Extracted records
○ ○ ○ ○ ○ ○ ○
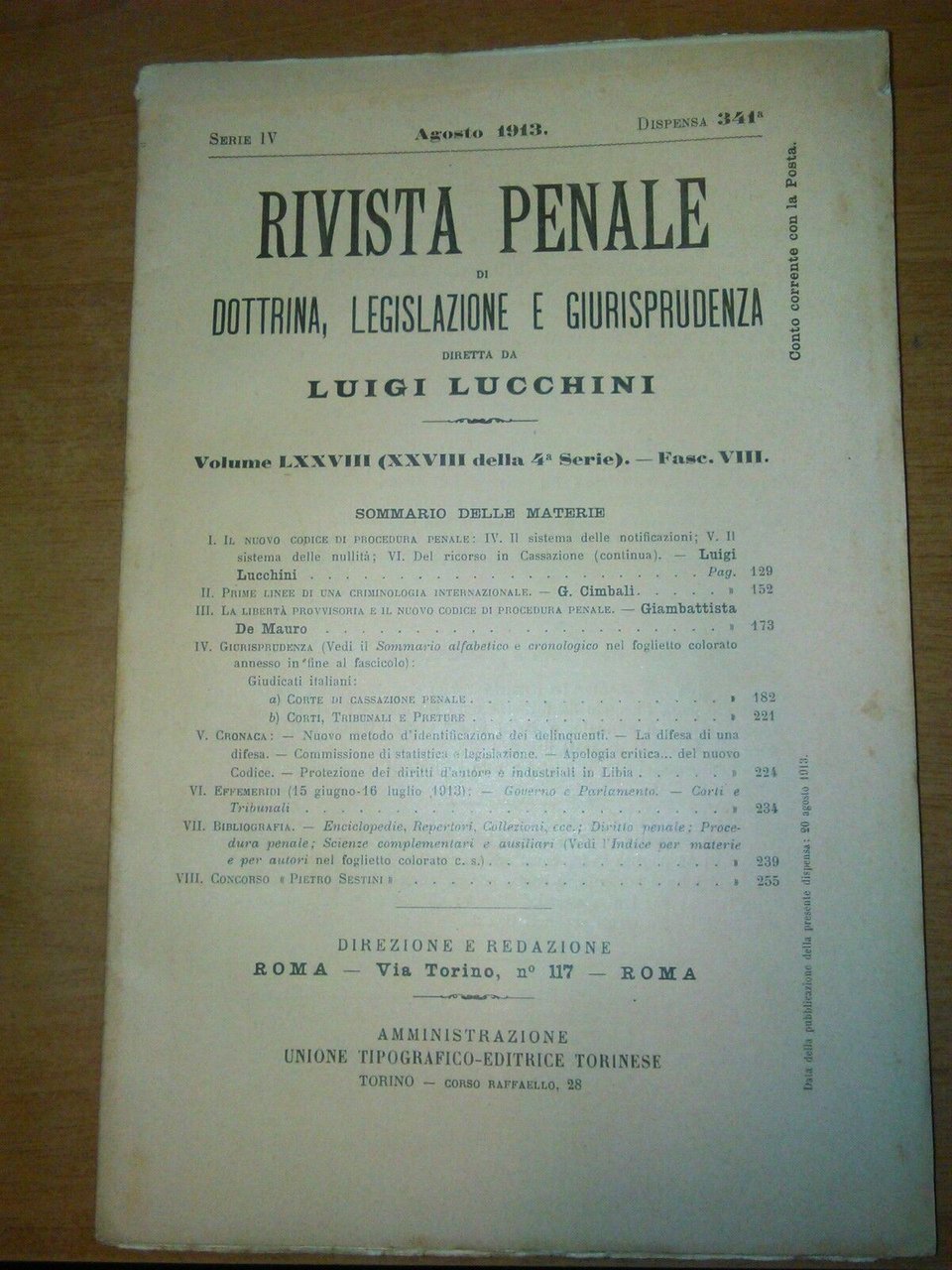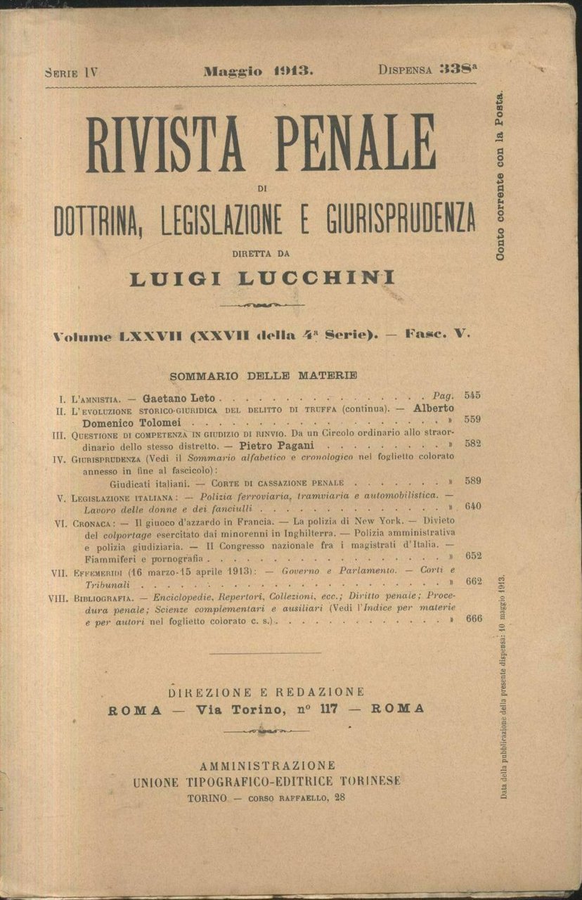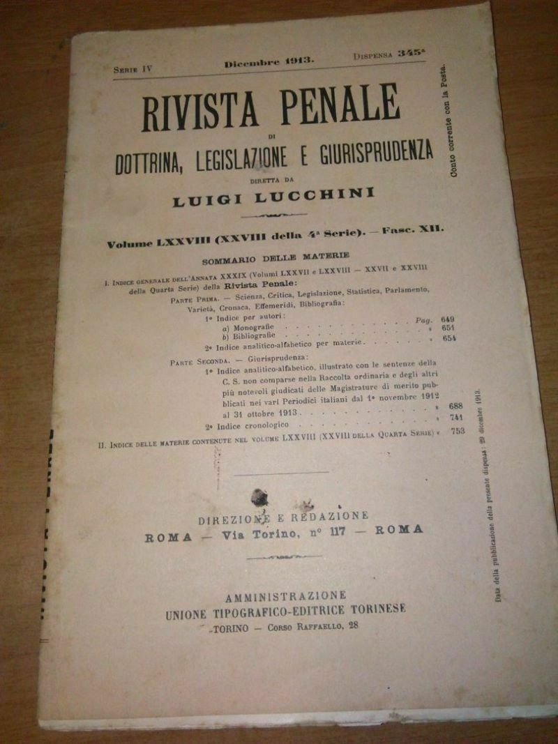 RIVISTA PENALE DOTTRINA LEGISLAZIONE GIURISPRUDENZA 1913 annata completa Libro
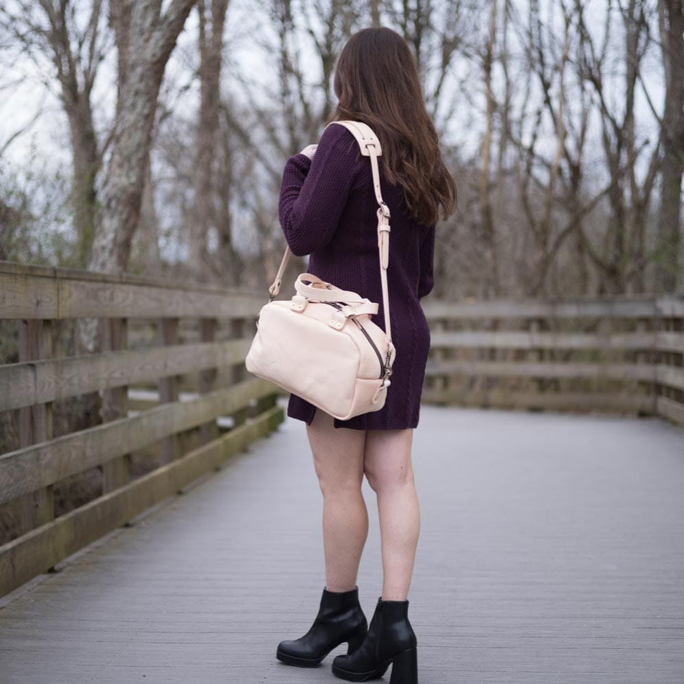 A smaller version of the Hoffman Weekender Duffle. Inspired by a 100-year-old leather gym bag carried by Mr Hoffman the Grandfather of a customer we made the first bag for. This compact, full-grain leather crossbody bag is made to last. Large enough to carry all your daily essentials and small enough to be a daily carry bag. Comes with d-rings and adjustable and removable 3/4" wide shoulder strap.
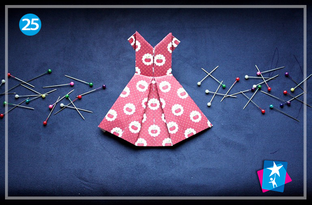 10. Перегортаємо орігамі лицьовою стороною, от і все — ваша сукня готова. Її можна використовувати як розкішний рукотворний декор для колажу, листівки, дитячої аплікації.
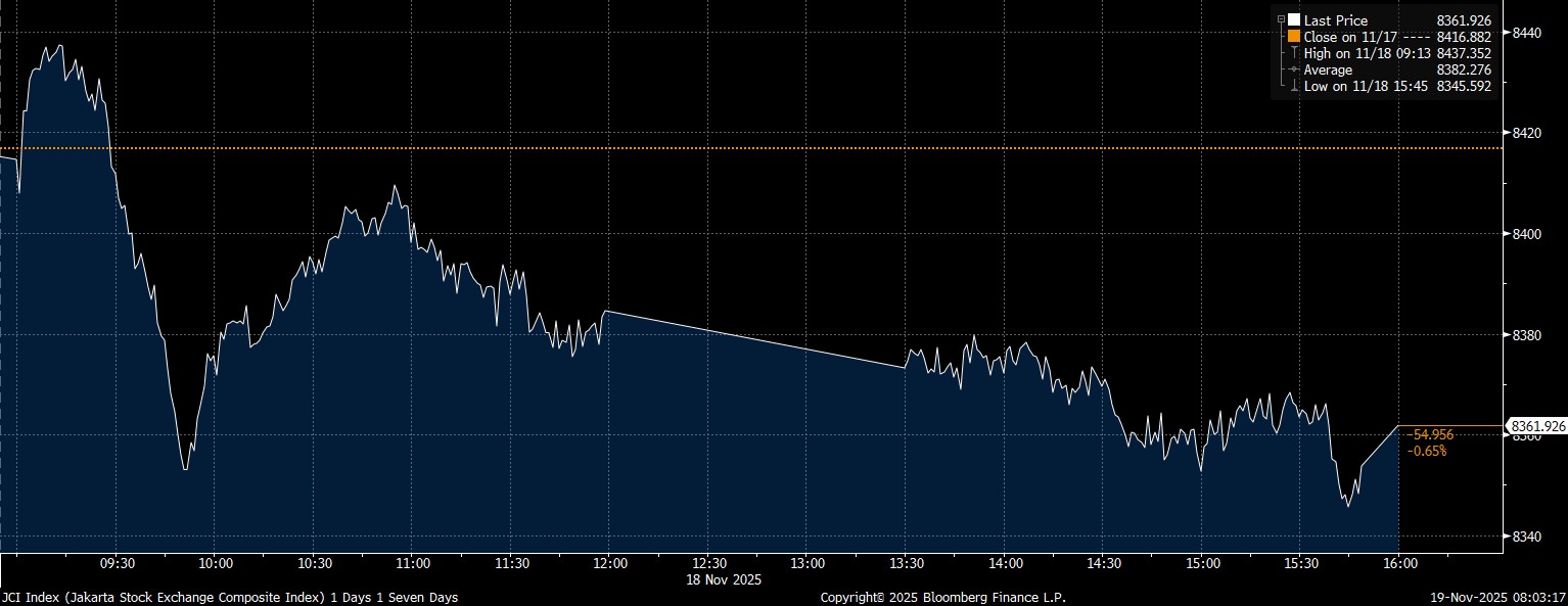 Bloomberg Technoz, Jakarta - Indeks Harga Saham Gabungan (IHSG) pada perdagangan kemarin, Selasa (18/11/2025), ditutup di zona merah. IHSG melemah 0,65% ke posisi 8.361.
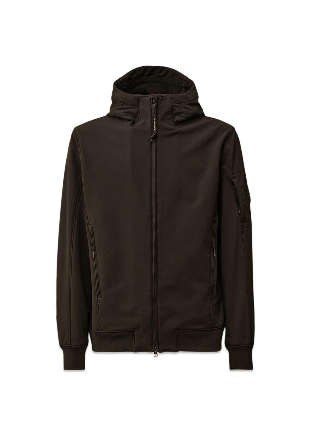 Shell-R Hooded Lens Jacket er en sort vindjakke med høy hals og fast hette. Jakken har et sporty uttrykk med funksjonelle glidelåslommer og de karakteristiske linsene integrert i hetten.
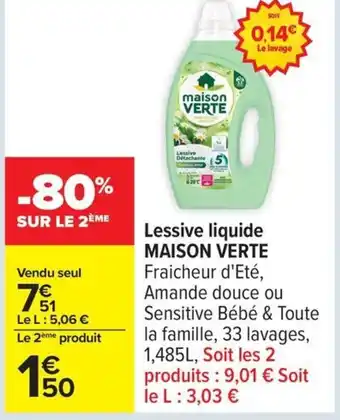 MAISON VERTE Lessive liquide offres et promotions en ligne chez Carrefour
○ ○ ○ ○ ○ ○ ○
• [WHAT NEEDS TO BE DONE] Both ends included, copy the lines from the one holding "10. Перегортаємо орігамі" to the last line of the entries exactly, with all pictures left out.

• [EXERCISE RESPONSE]
 10. Перегортаємо орігамі лицьовою стороною, от і все — ваша сукня готова. Її можна використовувати як розкішний рукотворний декор для колажу, листівки, дитячої аплікації.
 Bloomberg Technoz, Jakarta - Indeks Harga Saham Gabungan (IHSG) pada perdagangan kemarin, Selasa (18/11/2025), ditutup di zona merah. IHSG melemah 0,65% ke posisi 8.361.
 Shell-R Hooded Lens Jacket er en sort vindjakke med høy hals og fast hette. Jakken har et sporty uttrykk med funksjonelle glidelåslommer og de karakteristiske linsene integrert i hetten.
 MAISON VERTE Lessive liquide offres et promotions en ligne chez Carrefour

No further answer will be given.